В переднем простенке низенькой каморы возле тябла продух, на ночь не заткнут кляпышем, хоть и комарье долит, но вольный воздух будто задернут от кельи железным листовым заслоном. Вот топор, кажись, подкинь к потолку, он там и останется плавать, как пуховинка. Вроде и не ествяный народ подобрался, постный и боголюбивый, да, знать, запрели телеса в тесноте и безделье.

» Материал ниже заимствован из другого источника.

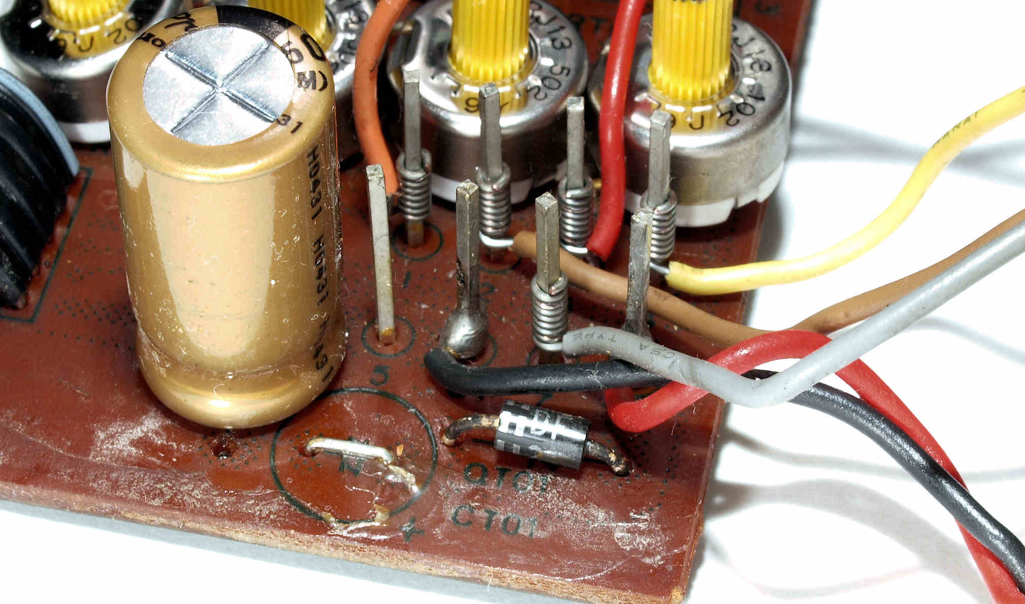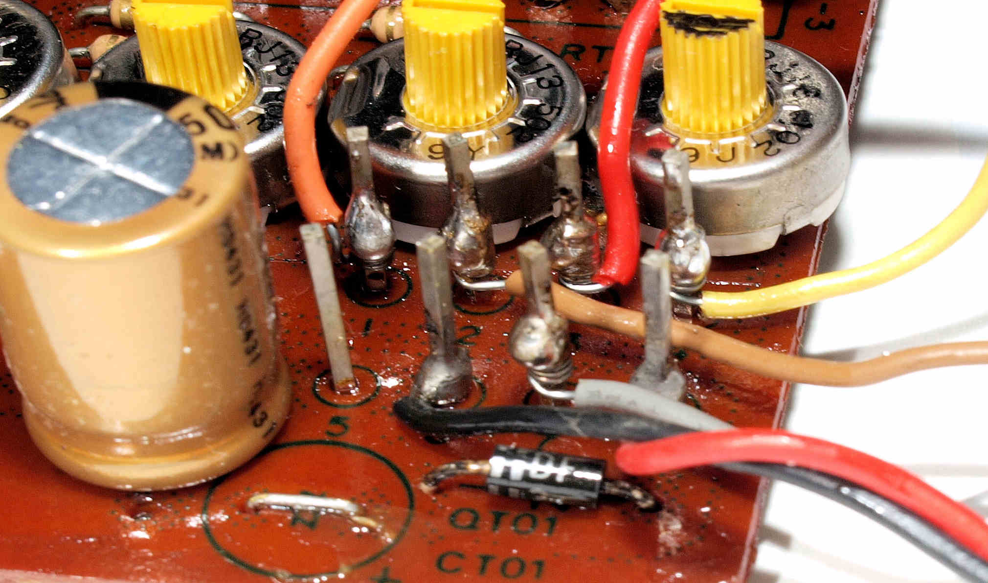 | CA8. 修理(半田補正)後 EQ基板 ラッピング、半田を流し込む。 | ||||||||||||||||||||||||||||||||||

Никон разломался, встал, кряхтя; и чего годить, коли сна ни в одном глазу? Пригибая голову, вышел из келеицы, поманил следом Флавиана.

«Что, сынок, грехи загрызают? Иль мясо бесье снится?» – пробурчал сердито, отыскивая в лице Флавиана, за что бы зацепиться. А были они, как два лаптя с одной ноги, оба сохачиной породы; только один матерый, уже седой шерстью приоделся, а другой – в рыжем пуху.

Инок смутился, запунцовел, виновато вздохнул: «Прости, святитель, я вам, как гвоздь в башмаке. Ино и проспать боюсь, все будто кто в бок подтыкивает. Да, не прозевай Господа… Да и время ли боки пролеживать, патриарх? В Воскресенском-то у нас, поди, сена ставят, – протянул мечтательно, – по грибы-ягоды пошли, малиной пахнет… А тут заковали в юзы…»

Монах воровато оглянулся, будто подслушивал кто. Но тихо, сонно было в монастырьке; пахло прелью от крапивы, кустившейся под старинной стеною, набранной в заборник, уже поистлелой, готовой повалиться; от новых келий, уже срубленных до матичного бревна, точило сладимо и грустно щепою, сосновым запревшим корьем, дерныхами, сложенными в груды для лабазных крыш, березовым драньем. Над поварней уже слоился тонкий сизоватый дымок, около колокольни появились сутулые звонари, принялись сонно разминать ременные шлеи, и петли, и ужища, чтобы вскоре раскачать медное петье… Эх, какое это славное время – летняя меженная пора, когда соловьи уже отгремели, и скворцы призатихли, готовые свалиться в чернолесье густыми стаями, и всякая плодящая живулинка вроде бы потеряла навсегда голос, напослед неустанно пестует чад своих под застрехами и в сенных гнездах, свитых в кострах меж поленьев… Ныне живет и царюет над миром благословенная нетревожная тишина, когда никто не дерзит, не гомозится, не лезет вперед со своим рылом, чтобы в любовном суетливом еретике заглушить стекающие с неба свирельные зовы Христа.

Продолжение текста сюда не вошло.